The questions heard on the street are much the same as those that have long intrigued law enforcement: What kind of a woman stays with a man like Bulger? What kind of a person launders his clothes and carefully writes his grocery list, enabling his life on the lam? Was she held by fear, or was she so besotted that she stayed of her own accord? Even if she was not initially aware of the deadly scope of his doings, as her lawyer maintains, surely she would have learned of the gruesome deaths with which he is accused when the charges were made public in 2000.
Greig, 60, is confined to the Wyatt Detention Facility in Rhode Island as she awaits trial on charges of harboring a federal fugitive. As prosecutors consider bringing additional charges against her, questions about her character have become central not only to the outcome of her case but potentially to that of Bulger’s as well. Greig has unique knowledge of their years on the run and perhaps of Bulger’s criminal reign.

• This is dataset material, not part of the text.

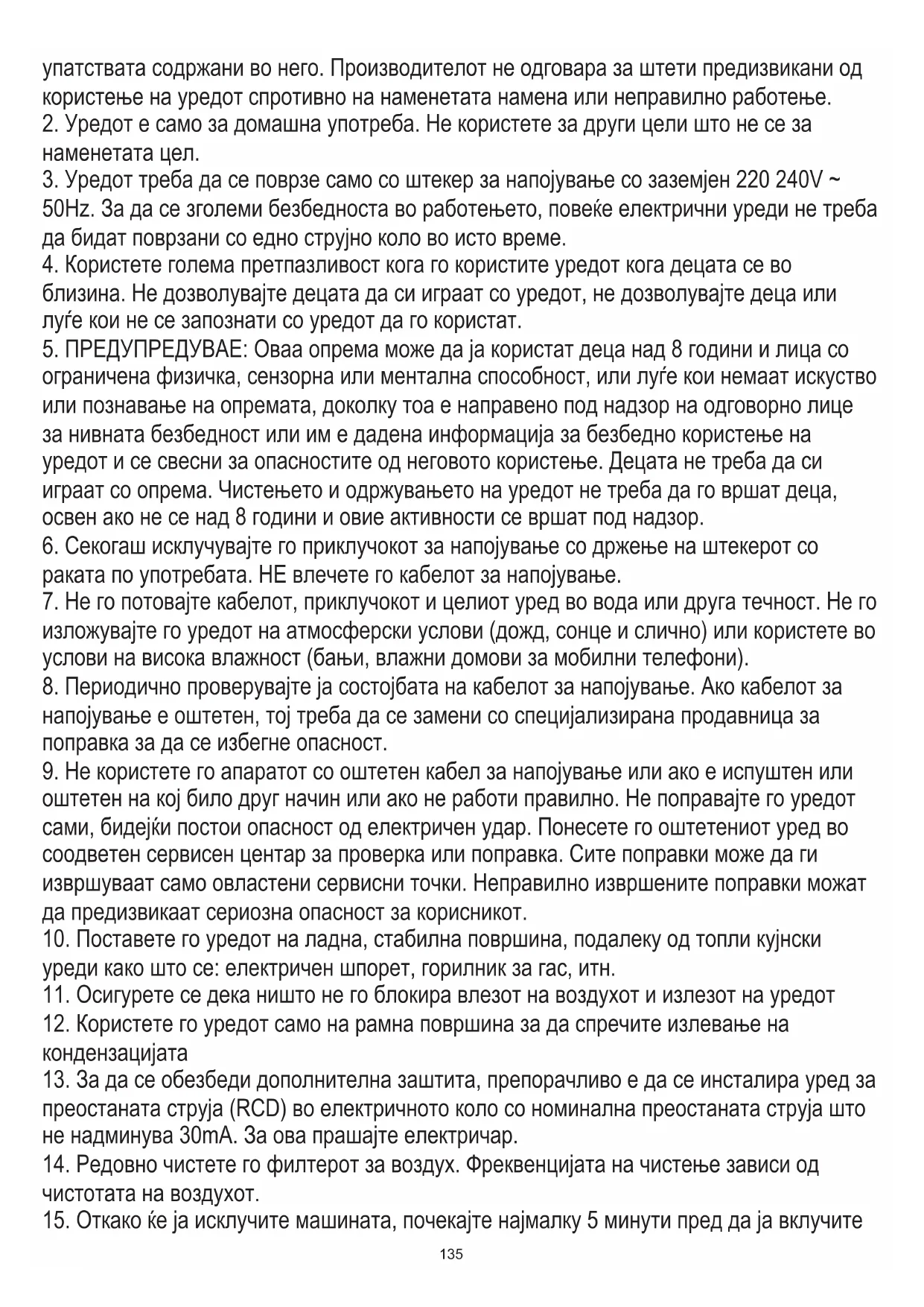 50Hz. За да се зголеми безбедноста во работењето, повеќе електрични уреди не треба да бидат поврзани со едно струјно коло во исто време.

Kevin Reddington, Greig’s lawyer, has declared that she is innocent of any criminal wrongdoing and will not assist prosecutors. Her only crime, he has declared, “is a crime of passion, falling in love with this gentleman.’’ Relatives of his victims, however, charge that Greig’s assistance enabled Bulger to remain at large and prolonged their suffering.

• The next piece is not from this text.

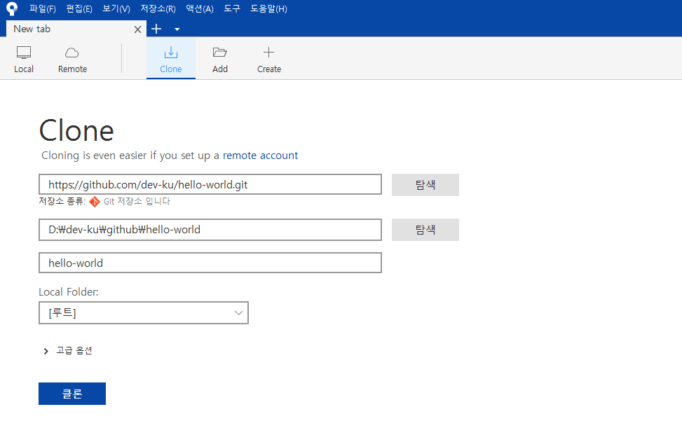 2. 목적지 경로 : 클론파일을 저장하고자 하는 디렉토리 입력

By the time the couple disappeared in 1995, just as prosecutors unveiled a lengthy indictment against him, Bulger and Greig had been together for two decades. During those years, Greig abandoned her career and became increasingly dependent upon her lover, more than 20 years her senior. Theirs was a relationship that seemed to gradually engulf her and erode her independence, transforming her from an ambitious professional into a self-effacing helpmate. And when she fled with him, some of her former colleagues were not entirely surprised.
“I figured she’d been with him for such a long while that maybe there was just no going back,’’ said Julia McCarthy, who attended Northeastern University a year behind Greig and later worked with her at Forsyth. “Maybe she was offered the chance to go and she found she didn’t have anything around here but him anymore so she decided to go. He was her life, you know.’’
. . .
This is a story about love. But it is also a story about a place.

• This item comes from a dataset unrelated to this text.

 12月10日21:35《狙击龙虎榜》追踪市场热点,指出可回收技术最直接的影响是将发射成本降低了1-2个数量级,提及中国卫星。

What developed between Bulger and Greig was deeply rooted in the tangle of gangland rivalries that prevailed in their native Southie at the time they came together. Southie is a place of beauty, offering sweeping vistas of Boston’s skyline. It is also a place of grit, steeped in a history of violence and a legendary aversion to outsiders that has become cliché. It has been called the most insular neighborhood in Boston, and maybe any American city. But it is a label that no longer fits—few sections of town have changed more rapidly.Continued...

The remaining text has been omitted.